Open GoogleCodeExporter opened 9 years ago
At present there are no mechanisms for avoiding buffer transfers between
Kernels. Actually even multiple instances of the same Kernel will cause a
transfer. The 'cached' information (regarding what has been transferred to the
device) is on a per kernel instance basis.
Actually this can also be tricky from OpenCL itself, unless both Kernel's are
in the same program file (and share the same context I think).
Maybe you are being forced to create two different Kernel's because we don;t
currently offer a mechanism for having multiple entrypoints. Is this this case?
If for example we allowed
Kernel k = new Kernel(){
run1(){}
run2(){}
}
And your algorithms were expressed using run1() and run2() would this work for
you. At present this does not work, but something like this has been proposed
and is possible.
Is this something that would help you if it existed?
Gary
Original comment by frost.g...@gmail.com
on 14 Jul 2012 at 9:49
Hello Gary,
Thank you for the answer! In pure opencl I can transfer a variable to the
device memory and then I can use it as argument of two (or more) kernels (not
very tricky).
My algorithm needs more kernels that work all on some arrays without the
necessity of the CPU. These arrays may be very large and so I have to avoid too
many useless transfers. If multiple entrypoints was the only cheat to have
common variables, then it could be a useful help, but I think that aparapi
needs more control on memory transfers, because in many algorithms memory is
the key.
I hope I helped you,
Good work,
Egidio
Original comment by egidio.d...@gmail.com
on 14 Jul 2012 at 10:04
Is it possible for you to attach example code demonstrating this capability?

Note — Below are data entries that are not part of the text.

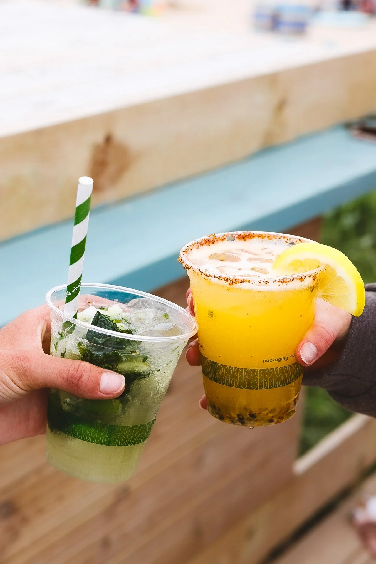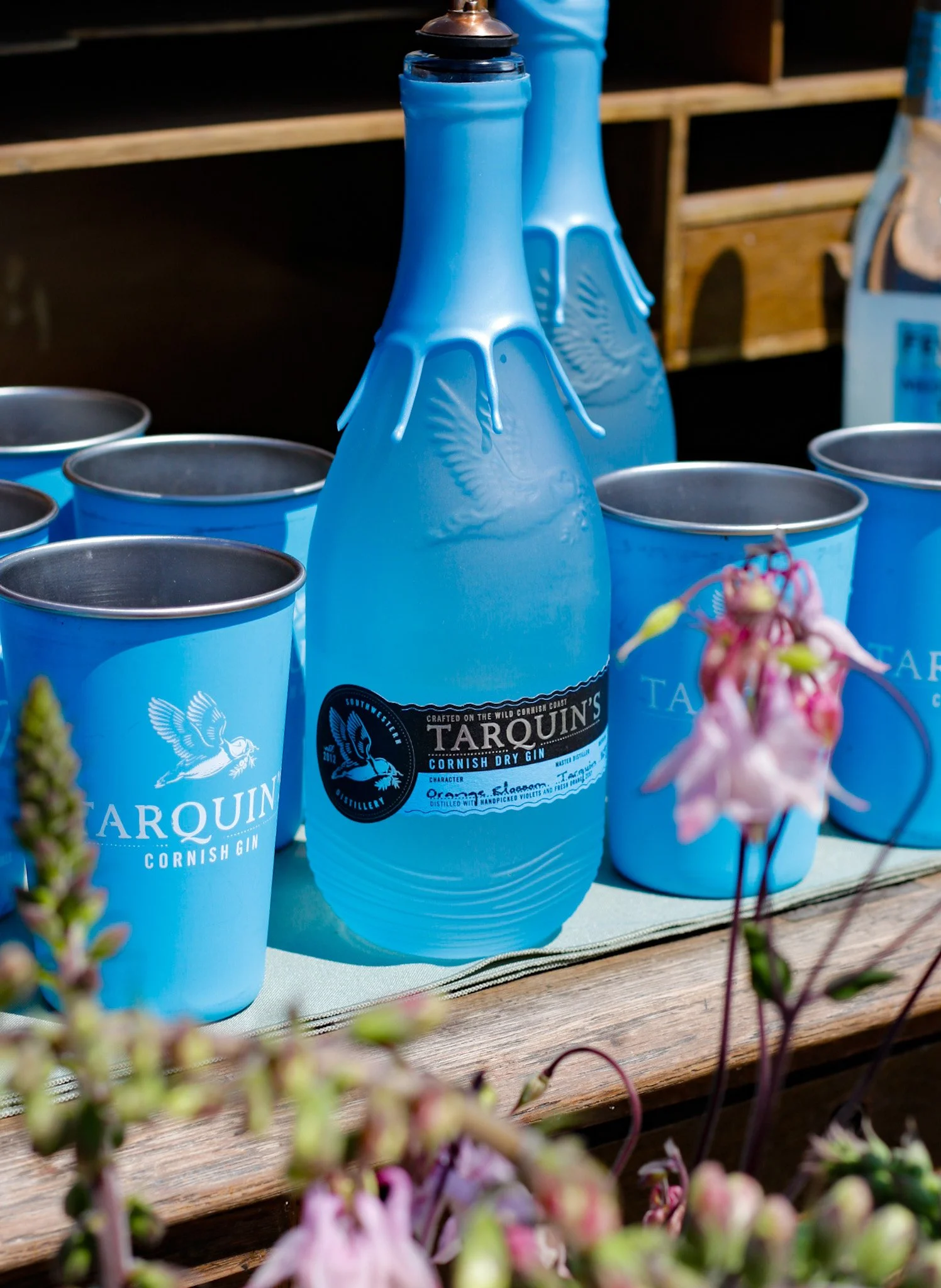 A bottle and cup of Tarquin's Cornish Gin on a wooden table, with the cup filled with ice and a slice of grapefruit inside. View fullsize
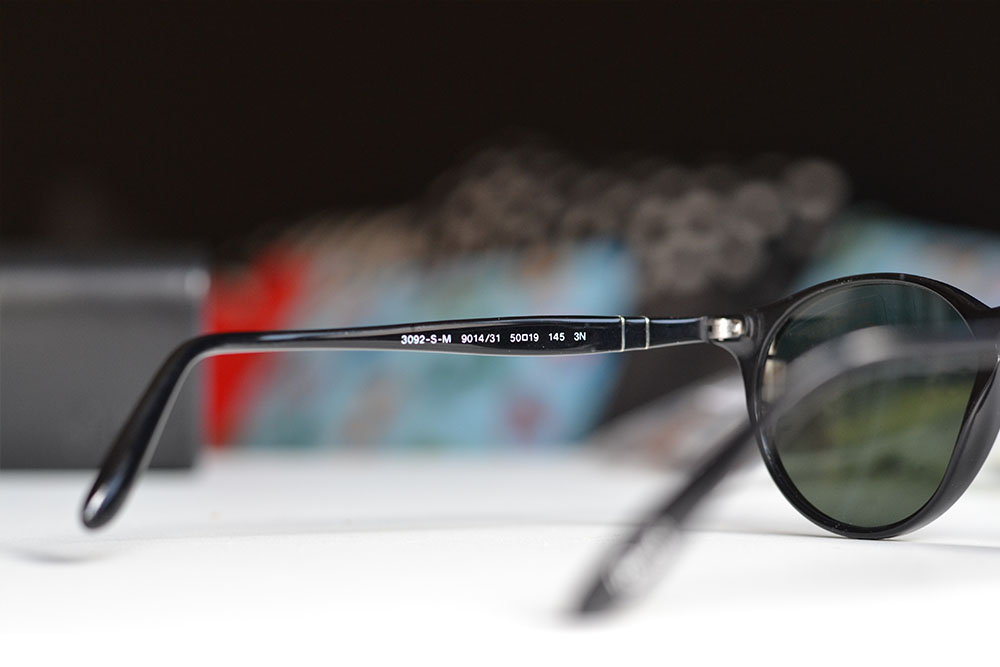 روی دستهی سمت چپ عینک آفتابی اصل پرسول نام مدل به همراه 3 یا 4 عدد که هم نوشته شده باشد که در انتهایشان هم کلمه یا حرفی درج شده است.
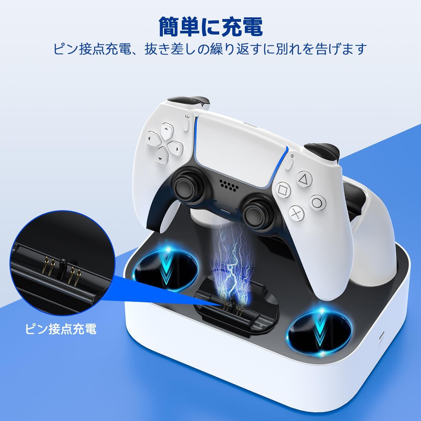 【置くだけで充電】差し込む溝のデザイン&ポゴピン充電接点デザイン。PS5 コントローラーを任意の角度での溝に置くだけで、充電器の接点ばねに完全に自動校正されます。充電位置を手動で調整する必要ないし、ゲームパッドポートに差し込むの繰り返しに別れを告げて、純正よりも充電は便利でもっとやすくなります。
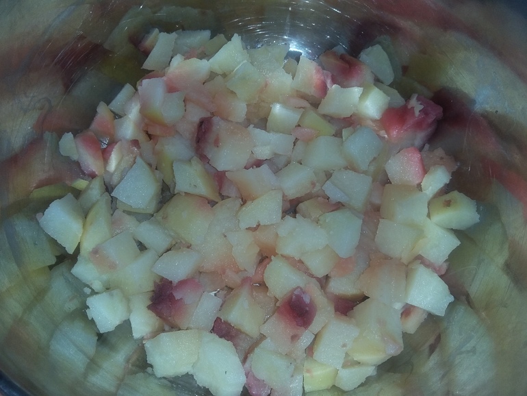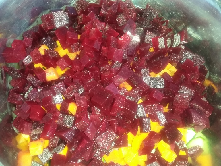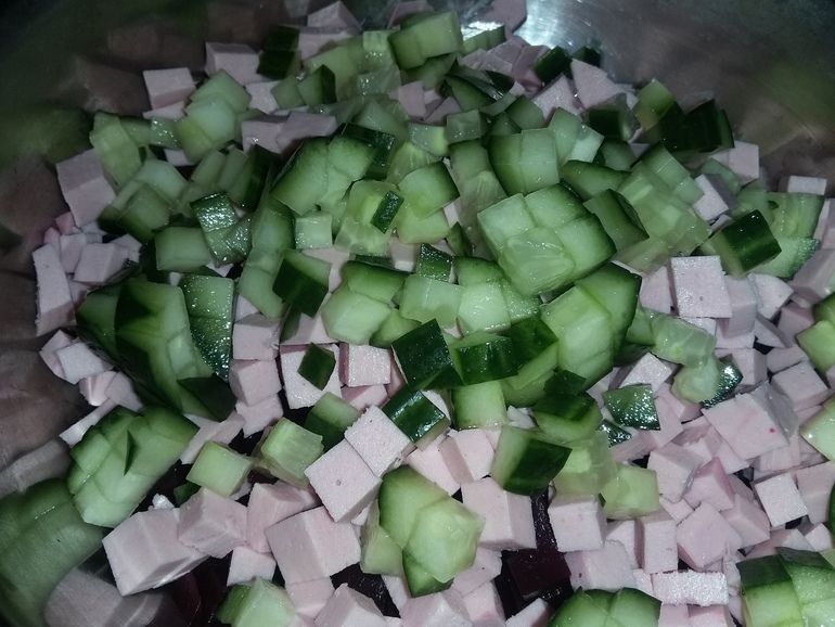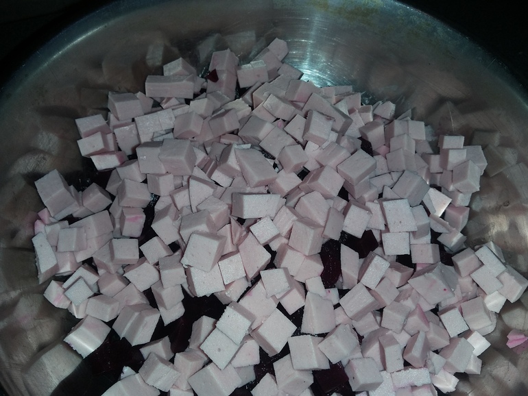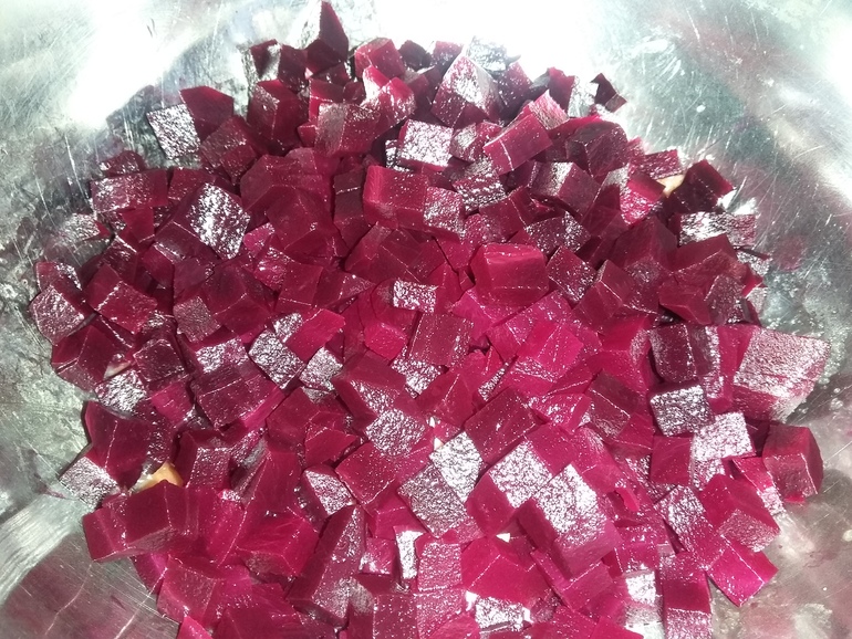 Отварить свеклу, остудить, очистить, нарезать кубиками:
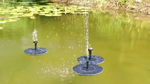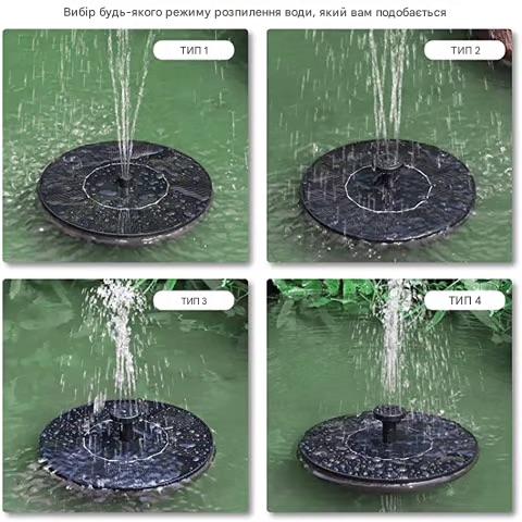 Плаваючий фонтанний насос: Просто залиште насос плавати на воді. Коли сонячна панель отримує сонячне світло, він автоматично запускається за лічені секунди. Чим сильніше сонячне світло, тим краще він працює.
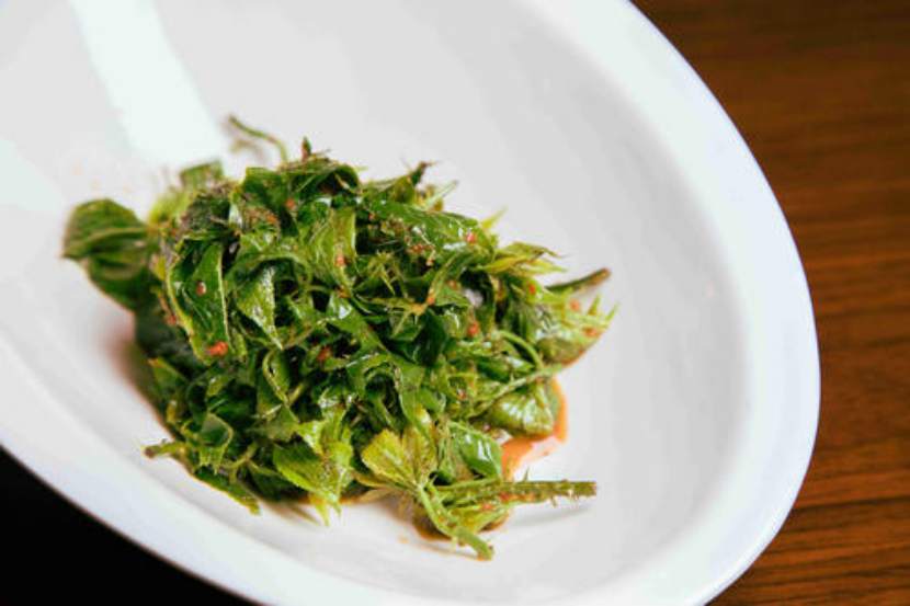 刺五加攤雞蛋、大葉芹煮湯、婆婆丁蘸醬……“靠山吃山”,早春時分,爬山摘菜是長白山區老百姓的老習慣。
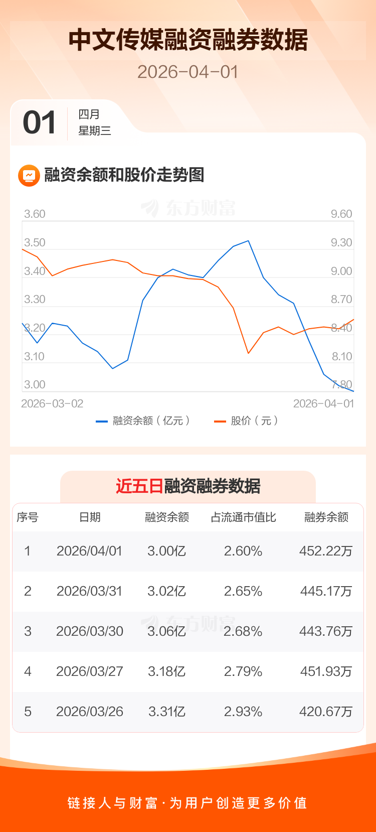 交易所最新数据显示,中文传媒于2026年4月1日获融资买入481.20万元,融资偿还680.00万元,当日融资净偿还198.79万元。目前,该股融资余额3.00亿,占流通市值比例为2.60%。
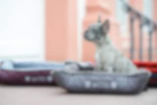Unglaublich weiches und kuscheliges Hundebett mit grauer Steppung und grauem Schaffell (Titan), von EA Mattes.

Original comment by ryan.lam...@gmail.com
on 2 Aug 2012 at 3:47
I second the motion for being able to share buffers between multiple kernels!
Somehow I got the impression that this was already possible with Aparapi, and
I've started implementation using this assumption... gah. :)
I don't think multiple entry points for the same kernel would be workable for
me.
Finally, in the initial issue comment, it is noted that the arrays being put()
to each kernel actually reference the same array. Following the "write once,
run anywhere" mantra, the same code should behave in the same way regardless of
execution platform, so perhaps it makes sense that when putting "multiple"
arrays that are actually references to a single array then that array should be
shared between all the kernels to which it's put()?
Of course, explicit memory management combined with multiple kernels throws a
spanner in the works of "write once, run anywhere": if one kernel ends up
executing in JTP or SEQ mode and another in GPU mode while explicit memory
management is being used then sharing the arrays/buffers between these kernels
isn't going to work without transfers (which we've explicitly said should be
handled explicitly...). Perhaps in this case transfers could be forced, or the
GPU kernel forced to run in JTP mode, or an exception thrown and execution
aborted? None of these seem like great options, but perhaps they would be
better than the program not working as expected/intended?
Original comment by oliver.c...@gmail.com
on 14 Aug 2012 at 1:16
This is pretty important for pipeline-based approaches like ours. We pass data
through stages frequently, otherwise, shuttling data back and forth is a major
bottleneck (for us, anyway). I have been using GLSL, CUDA, etc, for years and
it's super easy over there.
Could we have a call something like Kernel.linkData(kernel1.outputFloats,
kernel2.inputFloats) to be used similar to put()?
Original comment by kris.woo...@gmail.com
on 2 Oct 2012 at 10:51
Any example code or test cases we can use in development to understand and
address this issue?
Original comment by ryan.lam...@gmail.com
on 3 Oct 2012 at 1:08
For a real-world project you could look at https://github.com/OliverColeman/bain
This is a neural network simulator framework where the neurons and synapses are
encapsulated in their own collections that implement the Kernel interface. The
idea is that people can easily create and plugin different models of neurons or
synapses by extending the neuron and synapse collection super classes (it's
designed to support biophysical models or models somewhere between biophysical
and classical computer science models). This there is a need to share neuron
output and synapse output (and perhaps other data) between these two kernels.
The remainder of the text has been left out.